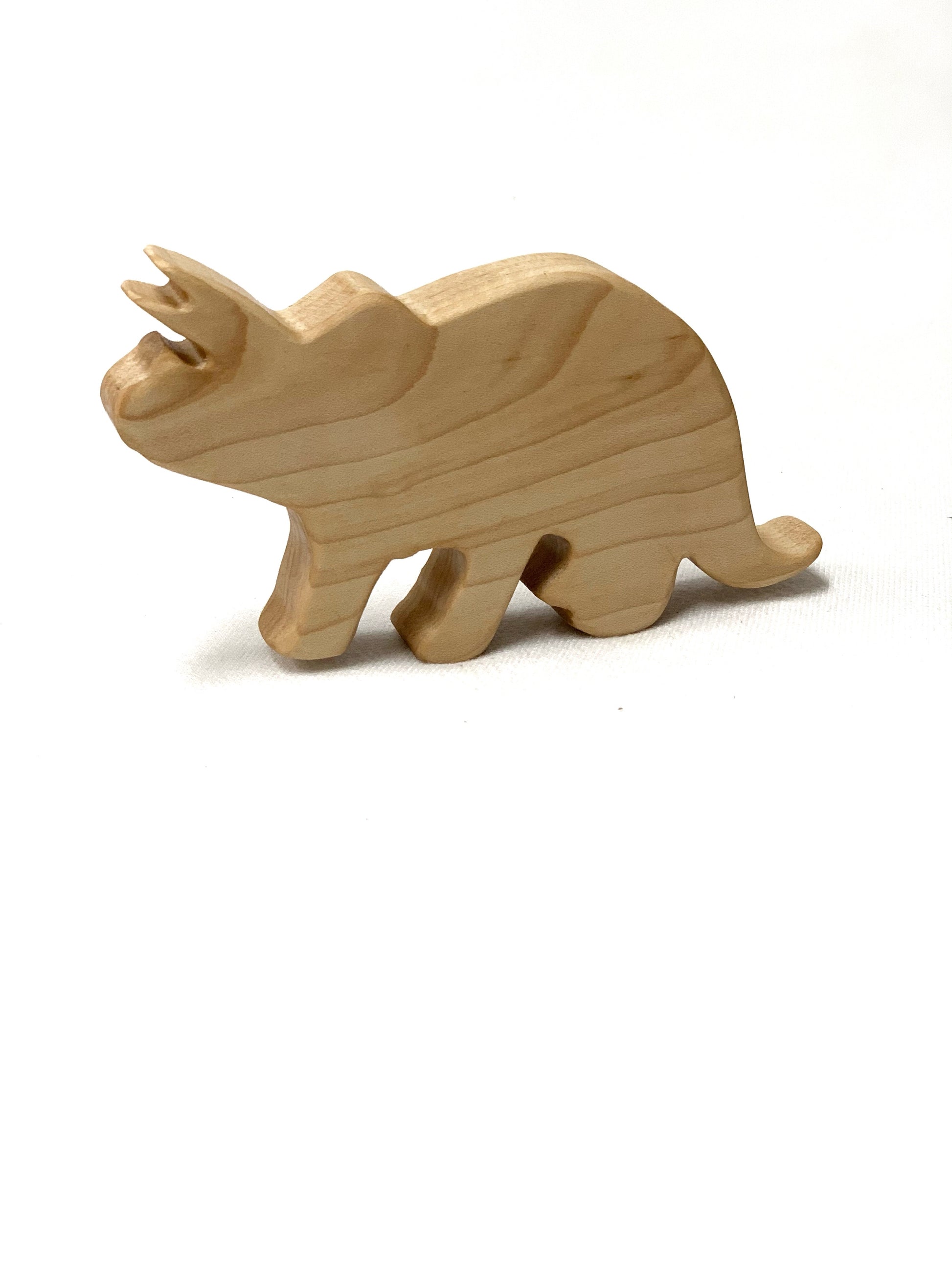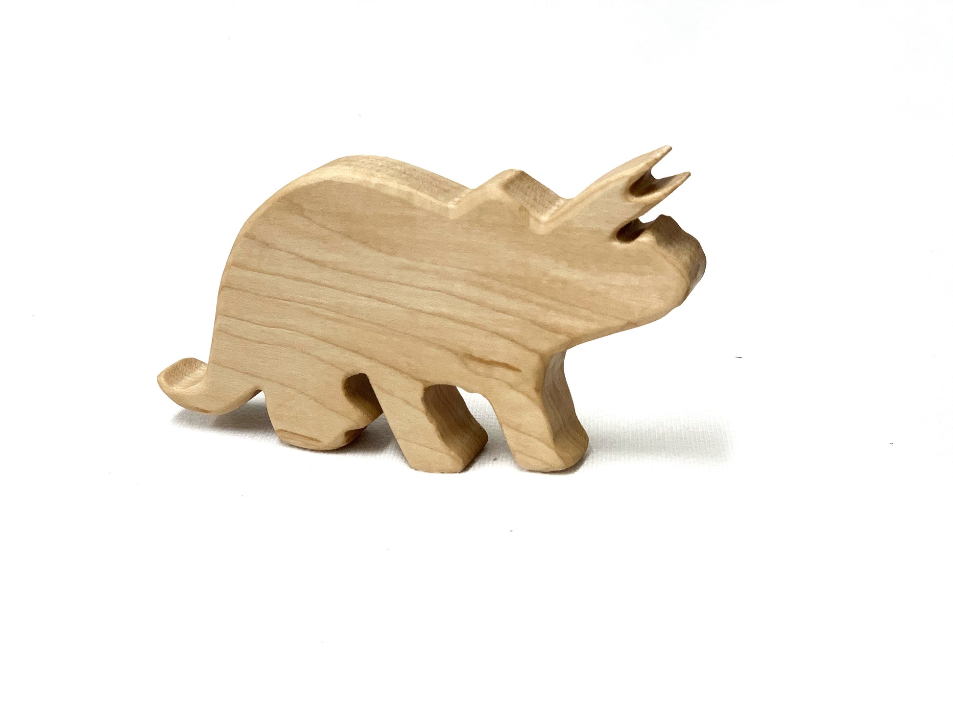 Each dino is cut in house, meticulously sanded smooth in every corner, nook and cranny; and finished with love. These heirloom quality toys are made to be passed down for generations. These are eco-friendly, safe, natural and long-lasting. Choose from beautiful light hardwood (maple) or rich dark hardwood (walnut).
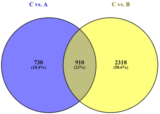 The Venn diagram of common and unique differentially expressed genes (DEGs) following the comparisons of BPV-E4 (A) vs. control (C) groups, and BPV-E1^E4 (B) vs. control (C) groups (Venny 2.1 BioinfoGP).
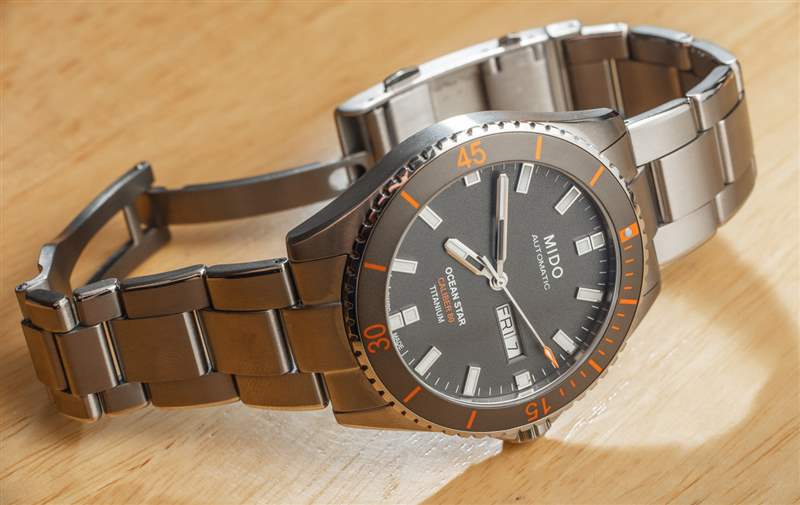 斯沃琪集團以極具競爭力的價格組裝出一款非常稱職的手表的能力來自于 Mido Ocean Star。外殼精加工和整體施工質量非常好。鈦金屬手表的這種修飾方式預計會比這款大約 1,000 美元產品的價格高出許多倍。這不僅是鈦金屬上的嚴格公差和良好的表面處理,而且表殼和表鏈上都具有大量拋光而不僅僅是拉絲表面的對比處理。Mido 實際上在匹配的鈦表鏈和橙色橡膠表帶選項中都提供了這種精確的海洋之星鈦。鈦手鏈的零售價僅為 40 美元!因此,我強烈建議您購買手鏈以便擁有它,
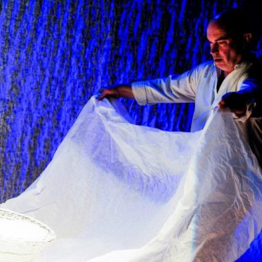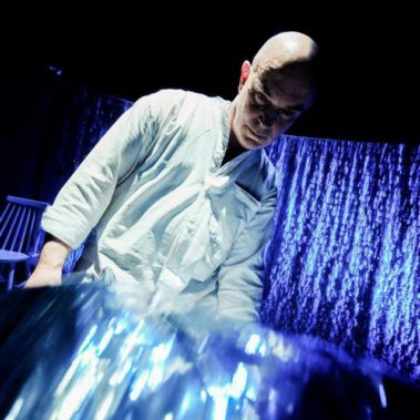 My instinct was that the colour palette had to be blue, so I searched for blues that would not be too cold. I use a couple of turquoise gels in the show, which warms the whole thing up. I also use some strawey/amber light from the front which also helps to make it cosy and inviting.
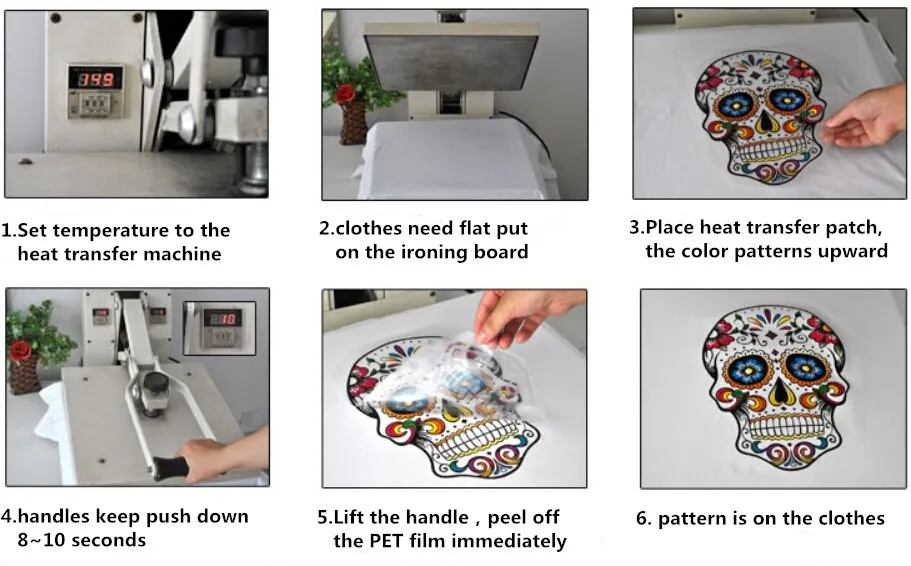 1: одежда и так далее должны быть сглажены, Выберите место передачи тепла, лучше всего не использовать паровой утюг, установка гладильной машины для хлопка состояние изделия (состояние глажки зависит от качества продукта), температура uder 120 ~ 150 градусов, сила нажмите вниз держать 10 секунд. Надавливайте давление достаточно, большая площадь теплопередачи картины назад и вперед небольшой диапазон глажки, используйте силу равномерно, попробуйте сделать бесшовное нажатие глажки
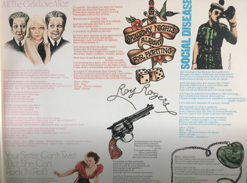 I saved my allowances to buy all of Elton’s records, from 1970’s Tumbleweed Connection to 1973’s Goodbye Yellow Brick Road. And in that time Taupin’s protagonists grew dark with a growing awareness of corruption and human depravity–strong stuff for 12-year-old me. There were “sweet painted ladies,” abused lesbian teenagers, former soldiers down on their luck, and everywhere, the companionship and comfort of alcohol. I learned that it was a good pain reliever and vivifying antidote to suicidal thoughts, and that a “couple of vodka and tonics” could “get you on your feet again.” I also learned that parties began when one got “about as oiled as a diesel train” and with a “belly full of beer” violently claimed possession of a woman.
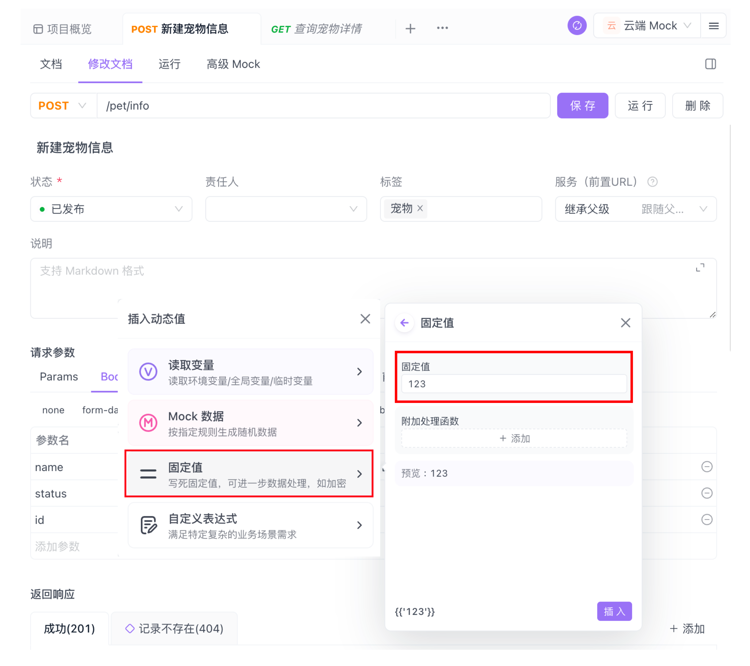 如果希望参数的示例值保持为一个常量,选择固定值后,在输入值处输入固定值。
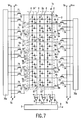 - Each of the row conductors 5 is coupled to voltage supply lines V+ and V- via respective switching transistors 71 and 72.
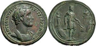 | Lot description: Kaiserliche Prägungen Antoninus Pius, 138-161. Bronze-Medaillon 151/152, Rom. Büste / Vulcanus mit Hammer und Beinschiene an Amboss, dahinter Statue der Athena mit Victoria-Statuette und Schild auf Säule, an der ein zweigeteilter Schild (Darstellung oben: Kapitolinische Wölfin, unten: zwei Gestalten an Altar) lehnt; hinter dem Amboss Postament mit Helm und einer weiteren Beinschiene. C. 1155 Gnecchi, Tf. 52, 7 40.98 g.; Braungrüne Patina Selten Sehr schön 1890 bei den Bauarbeiten für die Kölner Hauptpost gefunden (vgl. Nr. 306). Der Rand des Schrötlings weist verschiedene Bohrungen auf. Über dem Kopf des Kaisers war wohl eine Öse eingelassen; unten und an den Seiten befand sich jeweils ein silbernes Flügelpaar, das mit Eisenstiften an dem Schrötling befestigt war. Die Flügel und auch der Henkel sind nicht mehr erhalten. Der untere Befestigungsstift steckt noch im Schrötling. Ebenfalls in Köln wurde ein zweites Medaillon dieser Art gefunden, das sich heute im Rheinischen Landesmuseum in Bonn befindet. Dieses Stück weist eine ähnliche Randbeschädigung durch einen abgenommenen Ring auf. Siehe H. J. Lückger, in: Frankfurter Münzzeitung, 1931, S. 225-226 (m. Tf. 3). The piece was found in 1890 during the renovation of the central post office at Cologne. The rim shows several piercings, where possibly a ring and three silverwings, which are now missing,were attached to the piece. Another piece with similar damages to its rim is today in the Rheinische Landesmuseum Bonn (cfr. H. J. Lückger in Frankfurter Münzzeitung 1931, S. 225-226 and pl. 3). Estimate: 7500 EUR |
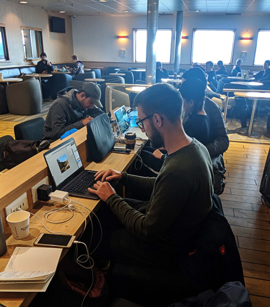 Den ersten Teil der Fährüberfahrt von Wellington nach Picton haben wir produktiv zu gebracht:

_What you will do:_ Skip the pictures and transcribe the rest of the records exactly.

_Exercise response:_
 Each dino is cut in house, meticulously sanded smooth in every corner, nook and cranny; and finished with love. These heirloom quality toys are made to be passed down for generations. These are eco-friendly, safe, natural and long-lasting. Choose from beautiful light hardwood (maple) or rich dark hardwood (walnut).
 The Venn diagram of common and unique differentially expressed genes (DEGs) following the comparisons of BPV-E4 (A) vs. control (C) groups, and BPV-E1^E4 (B) vs. control (C) groups (Venny 2.1 BioinfoGP).
 斯沃琪集團以極具競爭力的價格組裝出一款非常稱職的手表的能力來自于 Mido Ocean Star。外殼精加工和整體施工質量非常好。鈦金屬手表的這種修飾方式預計會比這款大約 1,000 美元產品的價格高出許多倍。這不僅是鈦金屬上的嚴格公差和良好的表面處理,而且表殼和表鏈上都具有大量拋光而不僅僅是拉絲表面的對比處理。Mido 實際上在匹配的鈦表鏈和橙色橡膠表帶選項中都提供了這種精確的海洋之星鈦。鈦手鏈的零售價僅為 40 美元!因此,我強烈建議您購買手鏈以便擁有它,
 My instinct was that the colour palette had to be blue, so I searched for blues that would not be too cold. I use a couple of turquoise gels in the show, which warms the whole thing up. I also use some strawey/amber light from the front which also helps to make it cosy and inviting.
 1: одежда и так далее должны быть сглажены, Выберите место передачи тепла, лучше всего не использовать паровой утюг, установка гладильной машины для хлопка состояние изделия (состояние глажки зависит от качества продукта), температура uder 120 ~ 150 градусов, сила нажмите вниз держать 10 секунд. Надавливайте давление достаточно, большая площадь теплопередачи картины назад и вперед небольшой диапазон глажки, используйте силу равномерно, попробуйте сделать бесшовное нажатие глажки
 I saved my allowances to buy all of Elton’s records, from 1970’s Tumbleweed Connection to 1973’s Goodbye Yellow Brick Road. And in that time Taupin’s protagonists grew dark with a growing awareness of corruption and human depravity–strong stuff for 12-year-old me. There were “sweet painted ladies,” abused lesbian teenagers, former soldiers down on their luck, and everywhere, the companionship and comfort of alcohol. I learned that it was a good pain reliever and vivifying antidote to suicidal thoughts, and that a “couple of vodka and tonics” could “get you on your feet again.” I also learned that parties began when one got “about as oiled as a diesel train” and with a “belly full of beer” violently claimed possession of a woman.
 如果希望参数的示例值保持为一个常量,选择固定值后,在输入值处输入固定值。
 - Each of the row conductors 5 is coupled to voltage supply lines V+ and V- via respective switching transistors 71 and 72.
 | Lot description: Kaiserliche Prägungen Antoninus Pius, 138-161. Bronze-Medaillon 151/152, Rom. Büste / Vulcanus mit Hammer und Beinschiene an Amboss, dahinter Statue der Athena mit Victoria-Statuette und Schild auf Säule, an der ein zweigeteilter Schild (Darstellung oben: Kapitolinische Wölfin, unten: zwei Gestalten an Altar) lehnt; hinter dem Amboss Postament mit Helm und einer weiteren Beinschiene. C. 1155 Gnecchi, Tf. 52, 7 40.98 g.; Braungrüne Patina Selten Sehr schön 1890 bei den Bauarbeiten für die Kölner Hauptpost gefunden (vgl. Nr. 306). Der Rand des Schrötlings weist verschiedene Bohrungen auf. Über dem Kopf des Kaisers war wohl eine Öse eingelassen; unten und an den Seiten befand sich jeweils ein silbernes Flügelpaar, das mit Eisenstiften an dem Schrötling befestigt war. Die Flügel und auch der Henkel sind nicht mehr erhalten. Der untere Befestigungsstift steckt noch im Schrötling. Ebenfalls in Köln wurde ein zweites Medaillon dieser Art gefunden, das sich heute im Rheinischen Landesmuseum in Bonn befindet. Dieses Stück weist eine ähnliche Randbeschädigung durch einen abgenommenen Ring auf. Siehe H. J. Lückger, in: Frankfurter Münzzeitung, 1931, S. 225-226 (m. Tf. 3). The piece was found in 1890 during the renovation of the central post office at Cologne. The rim shows several piercings, where possibly a ring and three silverwings, which are now missing,were attached to the piece. Another piece with similar damages to its rim is today in the Rheinische Landesmuseum Bonn (cfr. H. J. Lückger in Frankfurter Münzzeitung 1931, S. 225-226 and pl. 3). Estimate: 7500 EUR |
 Den ersten Teil der Fährüberfahrt von Wellington nach Picton haben wir produktiv zu gebracht:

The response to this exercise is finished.